Literary accounts of the alleged horrors of the industrial revolution are many. Some of these accounts focus on the aesthetics of Britain’s fast-changing economy of two centuries ago. In his 1814 long poem, The Excursion, William Wordsworth recognized that the “gainful Arts” better enabled Britain to produce for export so much that her “crowded ports” featured:
Freighted from every climate of the world
With the world’s choicest produce
But Wordsworth judged the price too high. He grieved:
when on the darker side
Of this great change I look; and there behold,
Through strong temptation of those gainful Arts,
Such outrage done to Nature as compels
The indignant Power to justify herself;
Yea to avenge her violated rights
For England’s bane
It’s true that industrialization builds factories, warehouses, and roads – and, today, also paved parking lots – on once-pristine riversides and meadows. And, at least in the 19th century, such visible, novel manifestations of economic growth were far easier to demonize than to romanticize. But it was also easy – too easy – to focus one’s gaze on admittedly unlovely industrial structures and miss the manifold improvements that the opportunities and outputs of these structures brought to the lives of ordinary people.

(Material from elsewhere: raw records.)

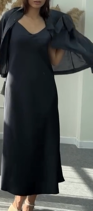 Очень красивый комплект: платье на регулируемых лямках, которое скрывает все недостатки благодаря материалу и выглядит дорого. Сверху идет рубашка из тонкого материала. Доступен в нескольких расцветках.
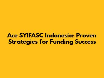 Ace SYIFASC Indonesia: Proven Strategies For Funding Success
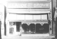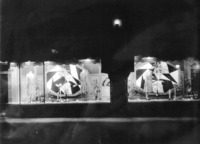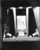 GB 082 Display in store windows showing women's clothing and accessories. A sign in one of the windows reads, "Spring Opening 1930."
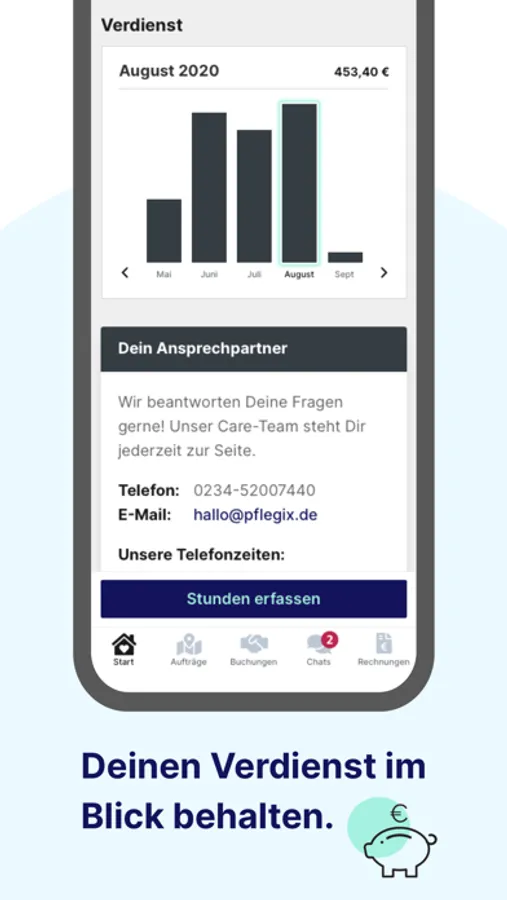 - Stunden unmittelbar erfassen und Verdienst in Echtzeit abrufen
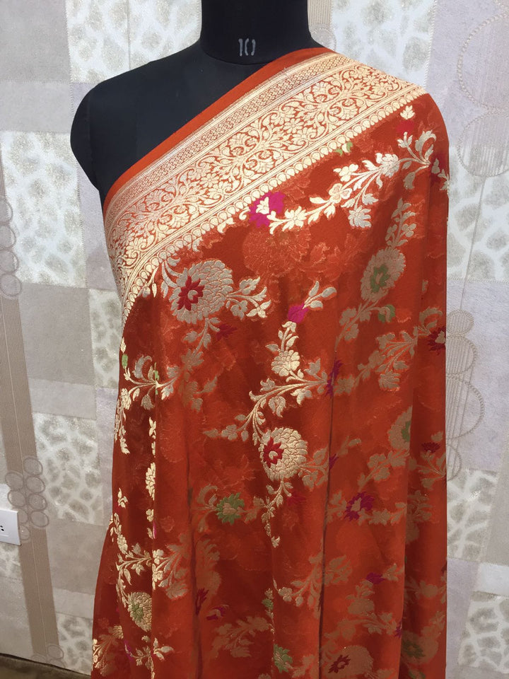 Red Floral Jaal Semi Georgette Banarasi Saree
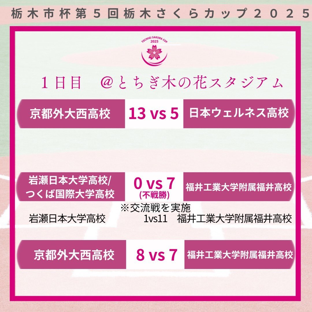 🌸#栃木市杯第5回栃木さくらカップ2025 🌸 【高校の部】大会1日目第2試合 🏟とちぎ木の花スタジアム ※大会規定により #福井工業大学附属福井高校 の不戦勝 (交流戦として試合を実施) #岩瀬日本大学高校 001 0 |1 720 2 |11 #福井工業大学附属福井高校 ※4回コールド pic.x.com/I7IzEZS8bd
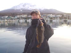 「やっときたー(笑)」今日釣れなかったらみんなにご飯をおごると強気の約束をしていたけいすけさんに待望のアブラコ(アイナメがヒット)大沼牛サーロインステーキの予定だったのに・・・(笑)
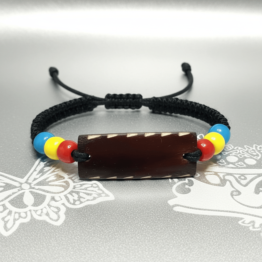 A structured composition of hand-carved cow bone and vibrant accent beads, assembled along a braided adjustable cord. The polished bone centrepiece introduces warmth and material depth, contrasted by bold color elements that create balance and presence.
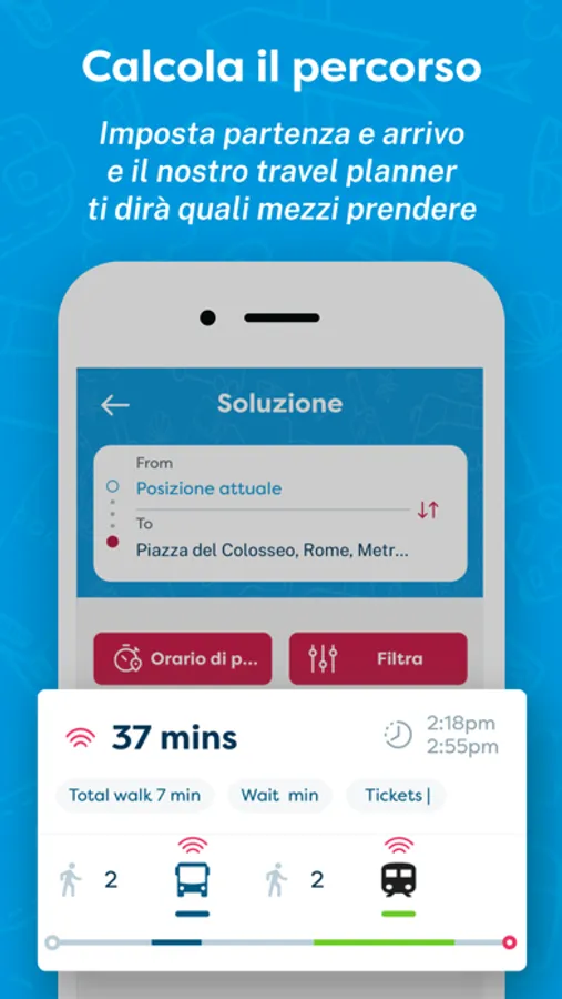 - Calcola il percorso: dicci dove vuoi arrivare e il nostro travel planner ti dirà esattamente quali mezzi prendere, inclusi i Atac e Trenitalia.
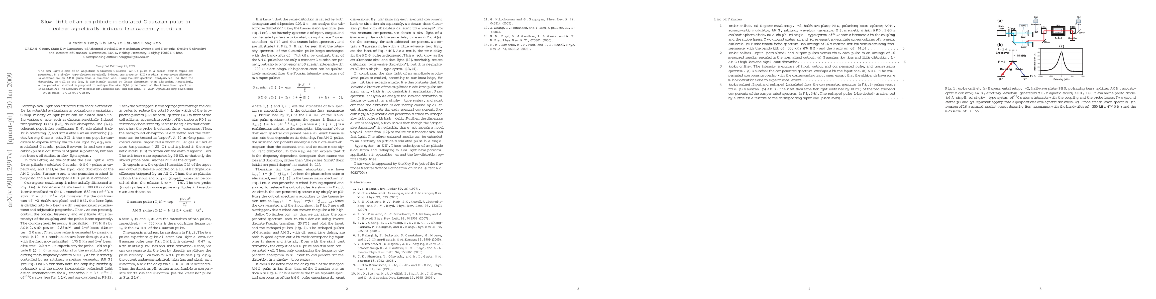 This paper investigates the slow light effects of amplitude modulated Gaussian pulses in a cesium atomic vapor within an electromagnetically induced transparency medium, revealing more severe distortion compared to Gaussian pulses. The study proposes a compensation method based on the transmission spectrum to reshape the pulse and discovers a method for obtaining both slow and fast light simultaneously.
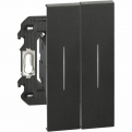 Переключатель 2х клавишный 10А с подсветкой автоматические клеммы 2 модуля. LIVING NOW. (чёрный)

Of course, the countless critics of the industrial revolution deny that Britain’s stupendous economic growth beginning in the mid-18th century produced benefits for ordinary people who lived through those early years of growth. Instead, this growth is widely believed to have enriched only the real-life Scrooges and Thomas Gradgrinds, as it soiled the environment and, even worse, dragged the masses into unremitting misery, despair, and degradation.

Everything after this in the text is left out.